Gagosian has taken on the global representation of Derrick Adams, one of today’s most beloved artists. Adams will have his first show with Gagosian at the gallery’s location in Beverly Hills, California, in September.
Adams, who works in mediums such as painting, sculpture, collage, performance, video, and public art, is best known for his canvases depicting scenes of Black joy, leisure, and beauty, all done in a distinctive style in which his subjects’ faces are formed via angular and geometric shapes.
His series include “Floaters” (featuring people having fun in a pool), “Style Variations” (depicting Black mannequin busts that are given distinctive hairstyles), and his most recent body of work, “Motion Picture Paintings” (densely populated scenes that collapse multiple shots from movies made in the artist’s imagination).
“I’m particularly interested in the way that Derrick approaches representations of Black life, thinking about it in relationship to the culture in a way that is expansive,” Antwaun Sargent, a director at Gagosian, told ARTnews in an interview. “In a Derrick Adams painting, you have any number of references to Black history, Black contemporary life, mundane Black life, but also things like cinema, fashion, and other artists. There’s this real sense of joy. In Derrick’s hands, that’s something that is particularly fresh and original in the way that he explores these different ideas and concepts surrounding Black life.”
Adams’s upcoming Gagosian exhibition, his first solo in Los Angeles since 2017, will present new work that “continues the themes of beauty, joy, and Black history and celebration that Derrick has become known for—all the things that have become signature Derrick Adams,” Sargent said.
Adams is currently the subject of a solo show at the Flag Art Foundation in New York, and he has a major public installation, The City Is My Refuge, on view at Penn Station until June. He recently had surveys at the Cleveland Museum of Art and the Hudson River Museum, as well as a site-specific installation at the Museum of Modern Art in New York and a 93-foot-mural commissioned by Milwaukee Art Museum.
He is currently at work on a major installation that will be included in the forthcoming exhibition “Beyond Granite” that will go on view on the National Mall in Washington, DC, this summer, as well as a piece that will be displayed by Art on theMART in Chicago in April. His work is held in the collections of major art institutions, including the Baltimore Museum of Art, the Metropolitan Museum of Art, the Virginia Museum of Fine Arts, the Whitney Museum, and the Studio Museum in Harlem, which awarded him its Joyce Alexander Wein Artist Prize in 2016.

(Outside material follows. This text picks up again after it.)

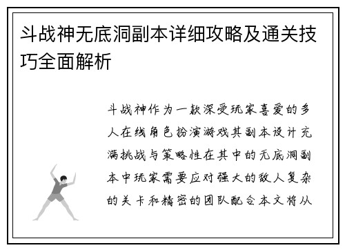 在《地下城与勇士》(DNF)这款游戏中,玩家常常会遇到卡顿的问题,特别是在进行多人副本、激烈战斗或者特效众多的场景时,卡顿的情况尤为严重。卡顿不仅会影响游戏体验,甚至可能导致玩家在关键时刻的操作失败,从而影响游戏进程。因此,如何有效解决卡顿问题成为了许多玩家关心的重点。本文将从四个方面详细探讨如何有...

Speaking on Adams’s seeming omnipresence in museums and public spaces, Sargent said, “Those are the types of artists we represent,” adding that his addition to Gagosian’s roster is “a natural fit.”
Beyond his exhibitions in galleries and museums, Adams also recently established the Last Resort Artist Retreat in his native Baltimore as well as an archive project called the Black Baltimore Digital Database, which is collecting the stories of cultural contributions by historical and contemporary Black Baltimoreans.
Sargent added, “Derrick has always been someone that’s been engaged in the art community, and I am excited for him join the gallery because his mission and his vision is something that we don’t shy away from and that we want to encourage and enhance as a gallery artist.”